Golden nanoglue completes the wonder material – X-rays prove it

Modern microelectronics relies on semiconductors and their metal electrodes. High-performance device functionality demands high transistor density within a single chip, which soon will reach the physical limits of bulk materials. Alternatives have been found in atomically thin materials, e.g. graphene and its semiconductive inorganic relatives.

MoS2 (molybdenum disulphide) is the representative inorganic layered crystal with properties similar to those of graphene. To be useful in applications, it must be joined to the metallic electrodes to enable charge flow between the metals and semiconductive (M/S) counterparts. In a recent study, scientists from University of Oulu, Finland have demonstrated the success of joining MoS2 to Ni (nickel) particles by using gold (Au) nanoglue as a buffer material. Through in-house observations and the first-principles calculations, the semiconductor and metal can be bridged either by the crystallized gold nanoparticles, or by the newly formed MoS2-Au-Ni ternary alloy.
A metallic contact is formed, leading to enhanced electron mobility crossing the M/S interface.

MoS2-Au-Ni ternary alloy. Nickel in blue, gold in gold, MoS2 in black and green. The enhanced electron mobility is visualised in yellow lines.

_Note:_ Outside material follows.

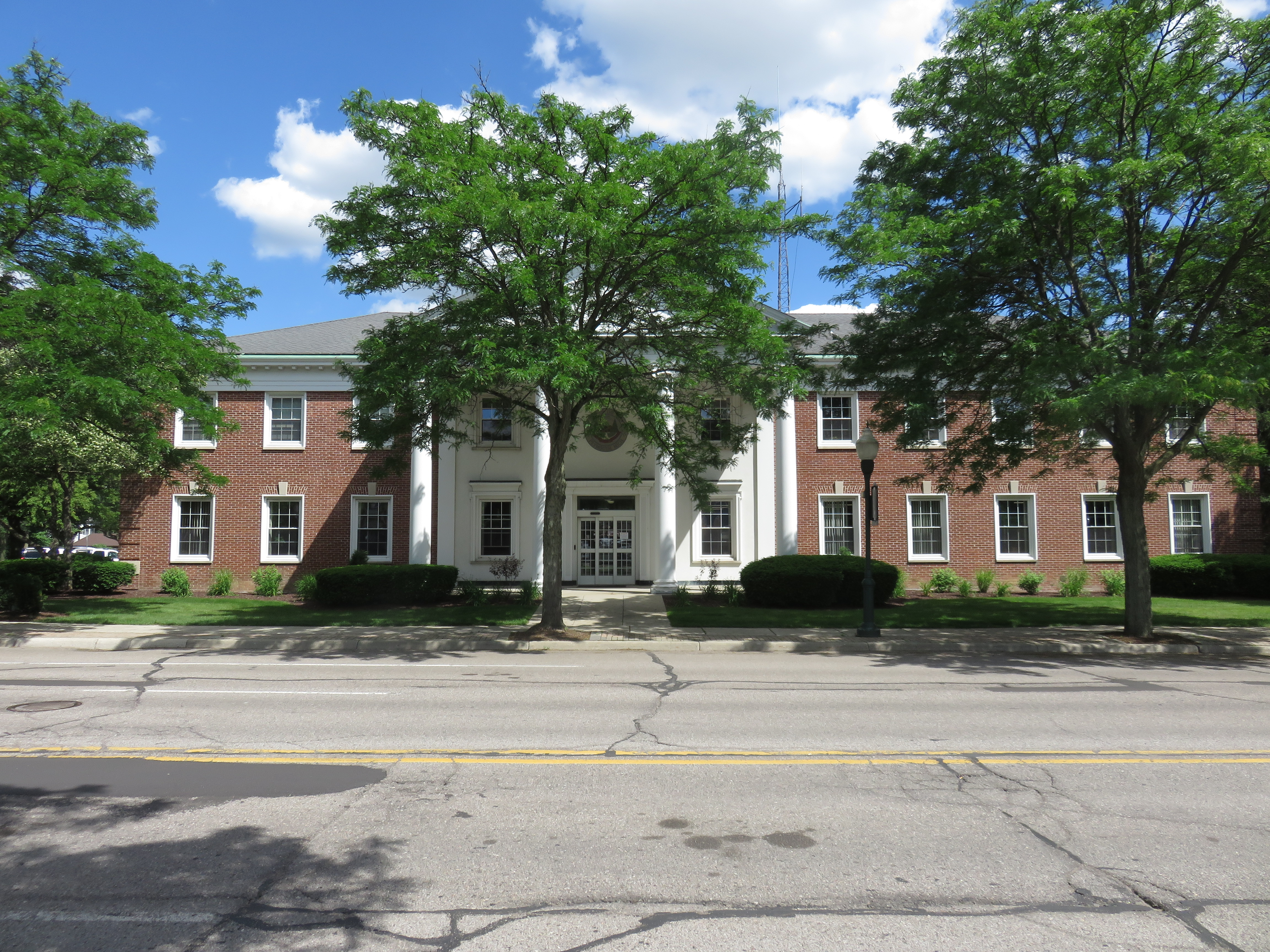 Plymouth, Michigan City Hall in 2019

Despite the success in electronic engineering, evidence of M/S interface at the electronic structure level is hardly reached through conventional methods. A simultaneous microscopic and spectroscopic determination is desired to figure out the physical signature at nanometre scales. Experiments performed at the PEEM endstation of the beamline I311* at MAX IV Laboratory take a critical step forwards in such an exploration. As for nickel, the X-ray absorption recorded at the M/S interface showed an additional peak compared with the metallic particles. This signature proves the Ni alloying with the MoS2 parts with the participation of Au, as given by the computational results. Further analysis of the peak intensity can serve as a unique path to reveal the effective number of metal atoms involved in the M/S interface. Top layers of the Ni particles are identified as the interaction channels with the layered counterpart.

More details in the Inside Front Cover article at the journal Small and an article in Microscopy and Microanalysis.

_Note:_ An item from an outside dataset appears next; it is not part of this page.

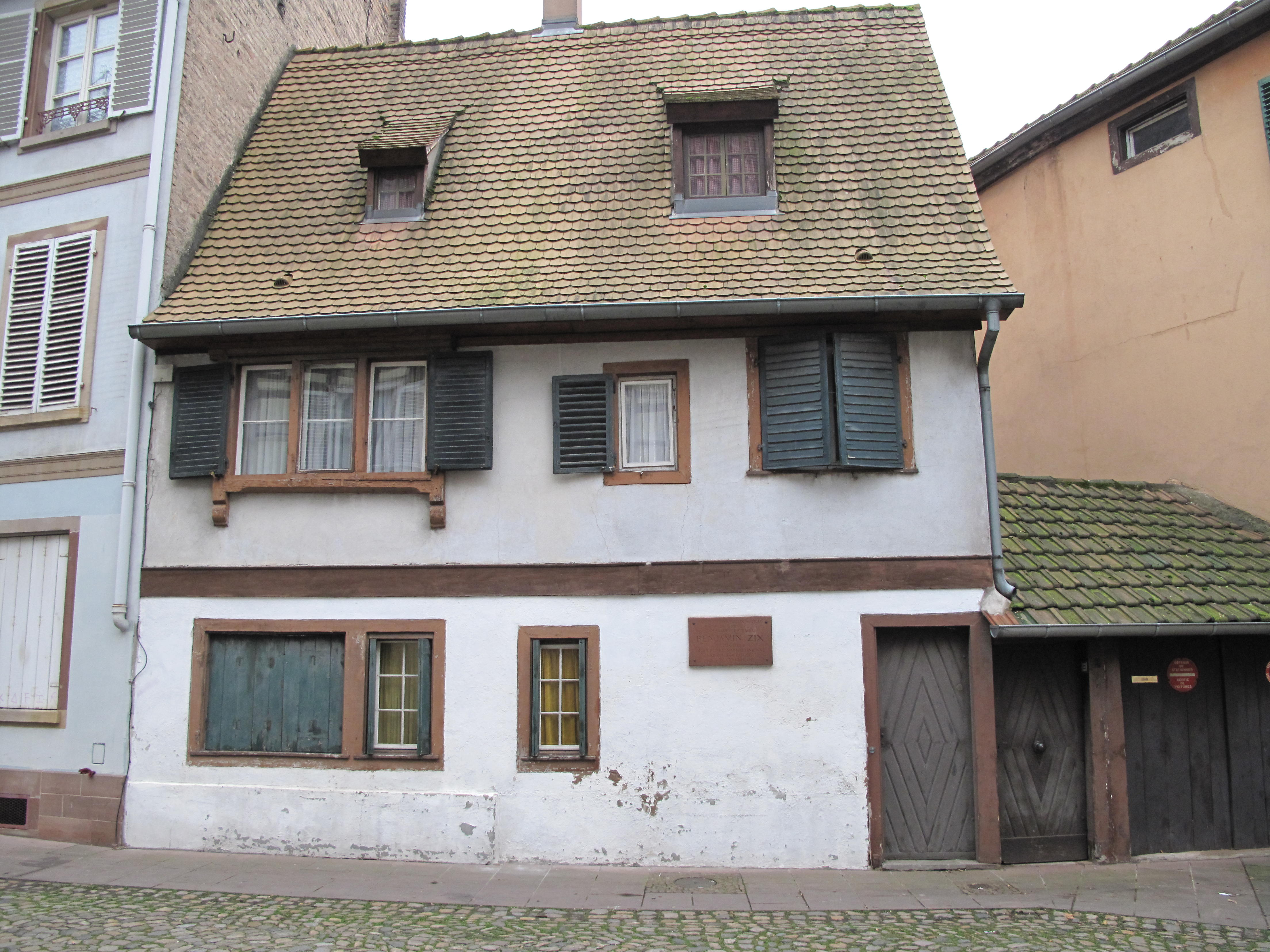 House where was born Benjamin Zix, painter of the french Empire : rue des Moulins, Strasbourg, France

Metallic Contact between MoS2 and Ni via Au Nanoglue. Xinying Shi, Sergei Posysaev, Marko Huttula, Vladimir Pankratov, Joanna Hoszowska, Jean‐Claude Dousse, Faisal Zeeshan, Yuran Niu, Alexei Zakharov, Taohai Li, Olga Miroshnichenko, Meng Zhang, Xiao Wang, Zhongjia Huang, Sami Saukko, Diego López González, Sebastiaan van Dijken, Matti Alatalo, Wei Cao. Small, Volume 14 (2018), Issue 22, article 1704526. https://doi.org/10.1002/smll.201704526

Quantification of Bonded Ni Atoms for Ni-MoS2 Metallic Contact through X-ray Photoemission Electron Microscopy. Xinying Shi, Marko Huttula, Vladimir Pankratov, Joanna Hoszowska, Jean-Claude Dousse, Faisal Zeeshan, Yuran Niu, Alexei Zakharov, Zhongjia Huang, Gang Wang, Sergei Posysaev, Olga Miroshnichenko, Matti Alatalo, Wei Cao. Microscopy and Microanalysis, Volume 24 (2018), Issue S2, 458-459. https://doi.org/10.1017/S1431927618014526

Oulu University Team (from left to right): Doc. Wei Cao, Prof. Marko Huttula, Sergei Posysaev, Prof. Matti Alatalo, Sami Saukko, Dr. Xinying Shi. Missing in the photo: Dr. Vladimir Pankratov and Olga Miroshnichenko.

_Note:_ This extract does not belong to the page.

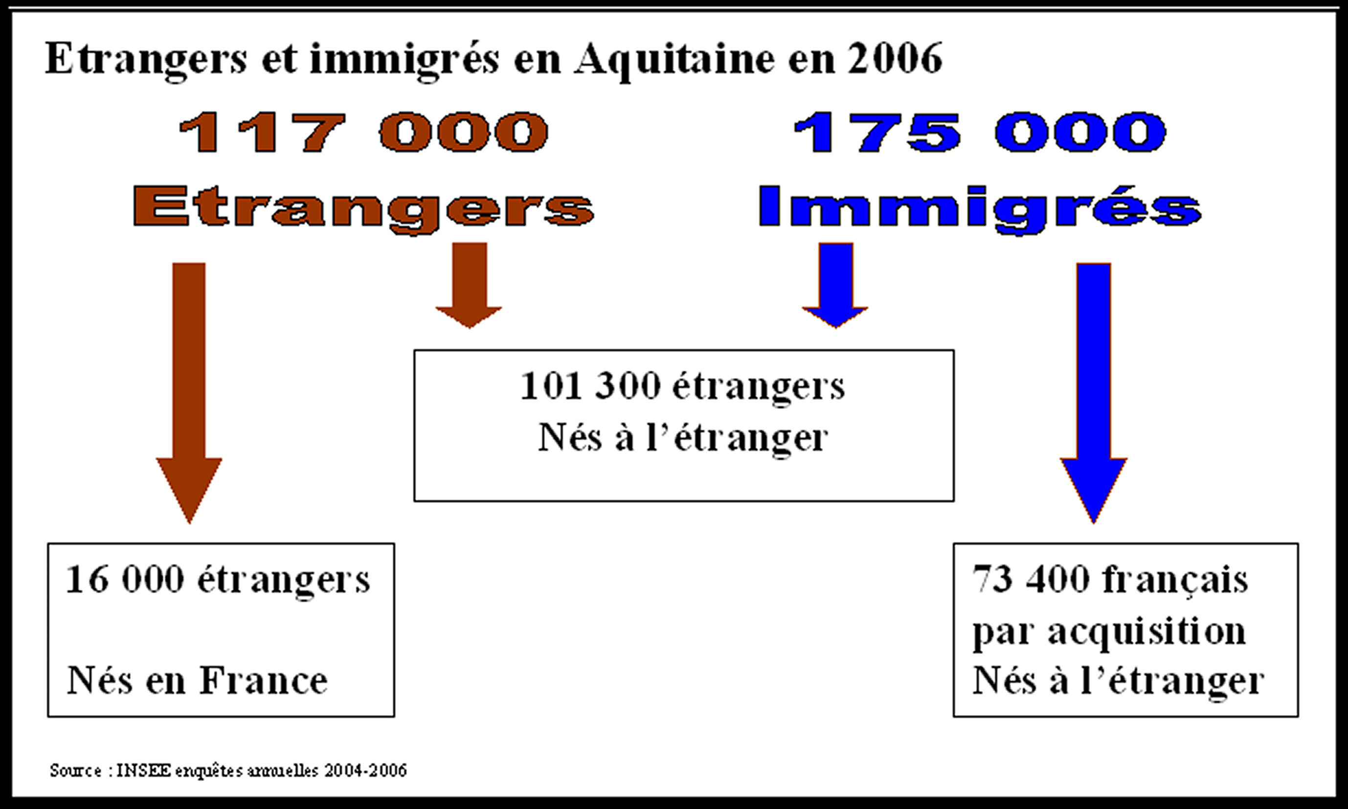 Foreigners and immigrants in Aquitaine in 2006

*The results published in Small, Volume 14 (2018), Issue 22, article 1704526 are based on experiments performed at the beamline I311 on the old MAX II storage ring. The endstation, photoelectron microscope, is now transferred to the new 1.5 GeV ring and the new dedicated beamline MAXPEEM which has much better performance than I311, with a photon flux 100 times higher, that enables researchers performing experiments which were unthinkable at the old facility (decommissioned December 2015).